In questa foto, concessaci dalla nipote Norma, è sorridente e solenne: 

Forse uno dei suoi figli, che tutti a Valva ancora ricordano come "zio Pietro di Nicolina", musicista appassionato e desideroso di trasmettere ai più giovani le sue conoscenze, userebbe le parole musicalmente precise per indicare il ritmo: allegro maestoso, come questa 🎹 sonata per pianoforte di Mozart, credo.
La ascolto mentre scrivo, cerco di ascoltarla anche mentre rileggo questo post. 
Un ritmo allegro e maestoso.
A quello che leggo nei documenti, però, la vita di Nicolina non è stata allegra. 
Un figlio emigrato negli Stati Uniti e morto in Francia mentre combatteva la Grande Guerra con la divisa americana, un nipote mai tornato dalla Russia, nella Seconda guerra mondiale. 
Mi viene da pensare a una globalizzazione ante litteram: forse zia Nicolina non si è allontanata mai da Valva, comunque mai dalla provincia di Salerno, e ha avuto tre figli che sono emigrati in America, uno che è andato in Africa in guerra, un nipote disperso in Russia. 

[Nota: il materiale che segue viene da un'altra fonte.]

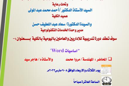 دورة تدريبية للسادة الإداريين والعاملين باليومية بالكلية بـــــعنوان: اساسيات Word
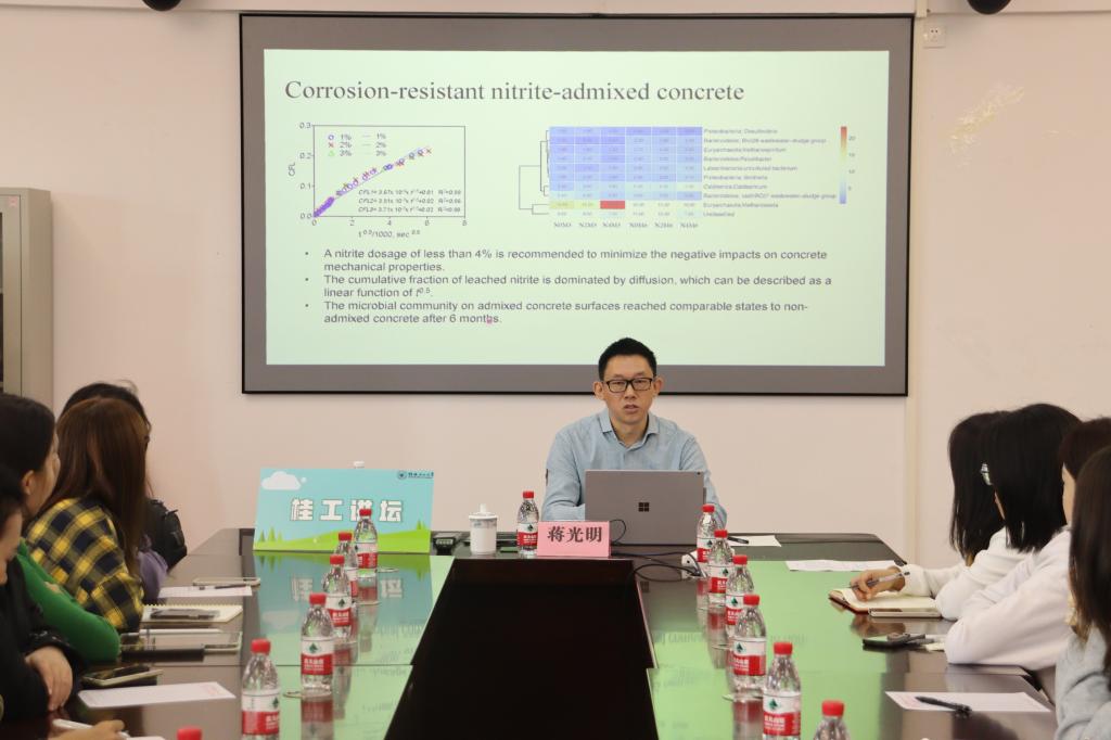 为加强培养学生具有国际视野,10月20日上午,我院特邀澳大利亚伍伦贡大学蒋光明副教授于雁山校区萃华楼12407会议室作题为《Towards sustainable sewer systems: Research advances in microbial corrosion of concrete and wastewater-based epidemiology》(实现可持续的给排水管网系统:混凝土微生物腐蚀机理和基于废水的流行病学的研究)的学术报告会。我院本科生和研究生聆听了本次讲座。
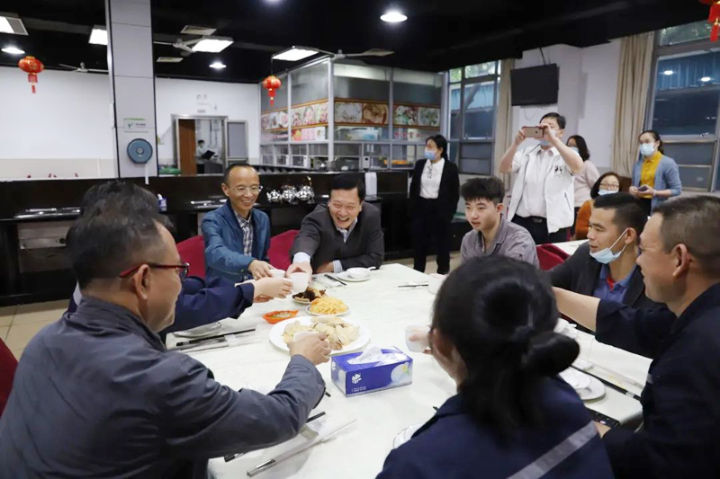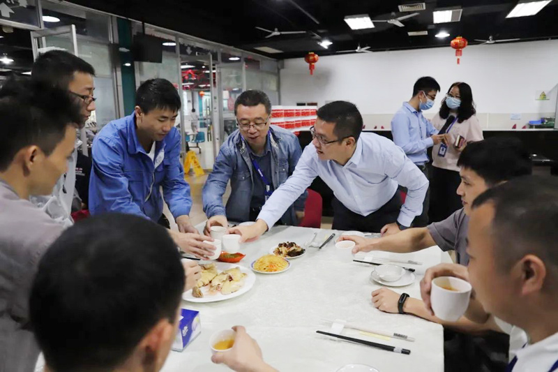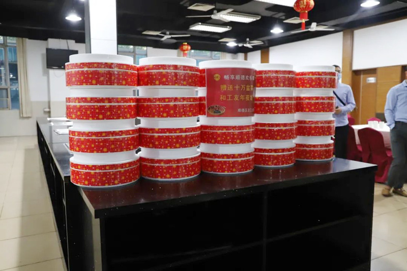 周主席在與科達(dá)員工代表共享盆菜前,發(fā)表了致辭講話,他表示,今年由于疫情的原因,政府號(hào)召外地務(wù)工人員就地過年。而廣大留守員工是政府非常關(guān)心的對(duì)象,順德區(qū)總工會(huì)更送出十萬份盆菜給順德區(qū)留守的員工,各級(jí)政府的人員也主動(dòng)到各個(gè)公司,與留守員工吃團(tuán)年飯,把黨和政府的關(guān)懷溫暖送至基層。他也表示,科達(dá)為留守員工努力營造家的氛圍,廠區(qū)內(nèi)有溫情的氛圍布置、令人印象深刻的打卡留影區(qū),同時(shí)在除夕夜多個(gè)廠區(qū)提供精心準(zhǔn)備的團(tuán)年飯,年初一至年初五更對(duì)員工免費(fèi)開放就餐……盡管員工留在順德過年,科達(dá)還是努力為員工提供一個(gè)和諧歡樂的農(nóng)歷新年。

Un caduto con la divisa di un altro colore
Le divise non contano nel cuore di una mamma.
Non sappiamo come abbia ricevuto la notizia della morte del figlio, nei campi di Francia a una settimana dalla fine della Prima guerra mondiale. 
Da bambino ho ascoltato il racconto di zia Rusulina, che ricordava questo dettaglio della sua infanzia: le campane a distesa per celebrare la fine della guerra. Credo sia stato proprio il 4 novembre. 
Penso che anche Nicolina Cozza in quel momento fosse contenta per la fine di una guerra che aveva portato via oltre trenta giovani di Valva. Suo figlio lo aveva portato via da Valva l'emigrazione e proprio in quelle ore moriva in Francia. 
La Company B del315.mo Fanteria americano in Lorena;
fonte: The official history of the 315th. Infantry USA (pag. 174)
Una settimana dopo la guerra sarebbe finita anche su quel fronte. 
Raffaele è morto mentre a Valva suonavano le campane perché in Italia la guerra era finita: a mezzogiorno del 4 novembre 1918, infatti, entrava in vigore l'armistizio firmato la sera prima a Villa Giusti (Padova), con il quale l'Italia vinceva la guerra contro l'Austria.
Abbiamo raccontato la storia  di Raffaele nel post 👉Raffaele, caduto nel giorno della vittoria

Una storia che sa di sale e di lavoro
In America c'è un altro suo figlio, Umberto- "Albert" nei documenti americani- che sposa una valvese, Antonietta Torsiello
Il matrimonio viene celebrato in una data molto romantica: il 14 febbraio 1915, a Retsof (contea di Livingstone, Stato di New York). Testimoni, il fratello dello sposo e la sorella della sposa: Raffaele e Vita Maria.
Gli sposi risultano residenti a Greigville, un centro più grande a pochi minuti di distanza. Non è difficile essere un centro più grande di Retsof (340 abitanti nel censimento del 2010).
Leggo su Wikipedia alcune notizie su Retsof ed è come se sentissi il mio dialetto misto alle prime parole imparate nella nuova lingua americana, è come se rivedessi le difficoltà di sempre della mia gente.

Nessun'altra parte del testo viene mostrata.